В наших неофициальных сборищах не было и тени помпезности и чопорности. Каждый говорил как хотел. Мы говорили обо всем подряд, несли что в голову взбредет, не слишком выбирая выражения, открыто вынося свои суждения и оценки, не стремясь кому-то угодить.
Среди нас не было мэтров, мы все были равны, мы могли позволить себе впасть в патетику или ляпнуть глупость. Нас связывал голод по тому, чего мы были лишены. У нас не было непреодолимого желания изменить мир. Мы хотели расширить свои горизонты, только и всего. В Европе такие собрания, как правило, носят политический, культурный или эстетический характер. Там каждый высказывает свои идеи в надежде, что они рано или поздно дадут всходы в сознании масс. Нас же, напротив, массы ничуть не заботили, ибо нам и в голову не приходило противопоставлять им себя. Мы говорили о музыке, живописи, литературе потому, что человек, если он сколь-нибудь интеллигентен и восприимчив, так или иначе оказывается на пороге храма искусства. Мы могли до хрипоты спорить о высоких материях, яростно отстаивая собственную точку зрения, но происходило это не преднамеренно, а как бы само собой, естественным образом вытекая из нашего общения.

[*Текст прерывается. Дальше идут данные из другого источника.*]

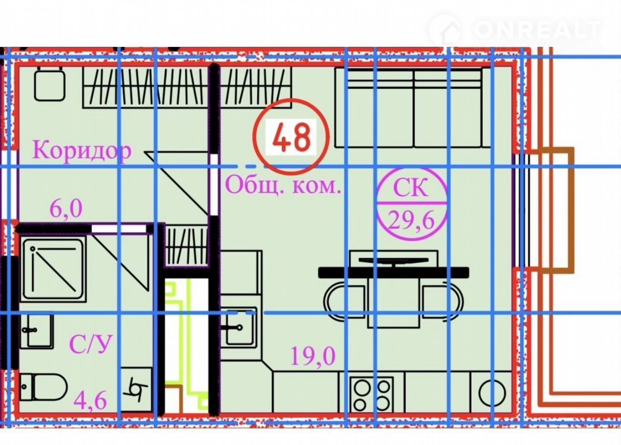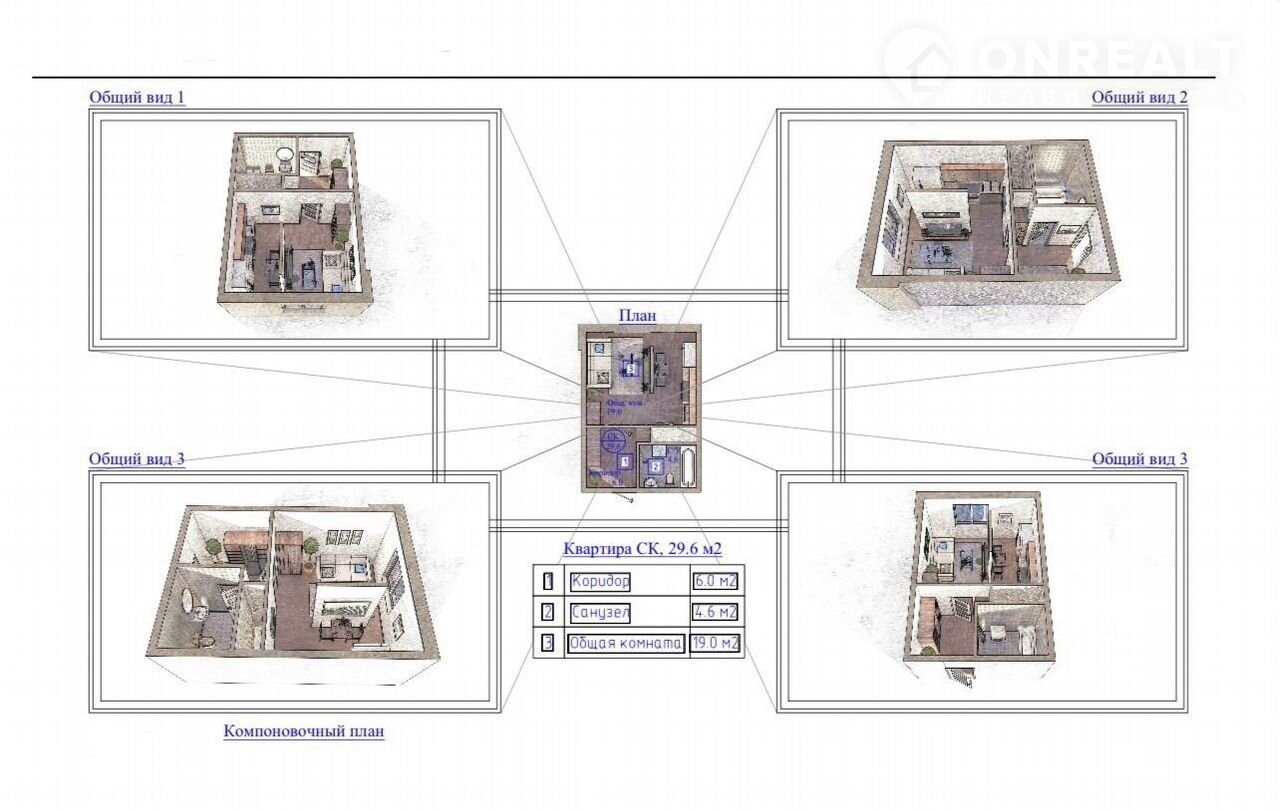 Общая площадь 29.6 м2

Пожалуй, я был единственным в нашей компании, кто относился серьезно к самому себе. Вот почему временами я вел себя как несносный придира и зануда. Дело в том, что в глубине души я мечтал исправить мир. Во мне было что-то от агитатора. Собственно, только это и отличало меня от прочих, придавая нашим вечерам характер лихой и бесшабашный. Во всем, что я говорил, была искра заинтересованности, искра правды. Это не было позой. Я пытался растормошить их, встряхнуть – иногда с излишней настойчивостью, – за что на меня обрушивались водопады упреков. Не помню, чтобы кто-нибудь из моих друзей хоть раз до конца согласился со мной. О чем бы ни велась речь, в какие бы формы я ни облекал свои мысли, мои выводы неизменно расценивались как парадоксальные или преувеличенные.
Случалось, они признавались, что им просто нравится слушать меня.
– Ну да, – возражал я в ответ, – если бы только вы прислушивались к тому, что я говорю.
Они только ухмылялись:
– Хочешь насладиться беспрекословным повиновением? – И хихикали.
– Черт возьми, я вовсе не жду, чтобы вы всегда соглашались… Я только хочу, чтобы вы задумались… Задумались о самих себе. («Ну-ну…») Вот, послушайте! Вы только послушайте! – открывал я рот, чтобы произнести очередную тираду.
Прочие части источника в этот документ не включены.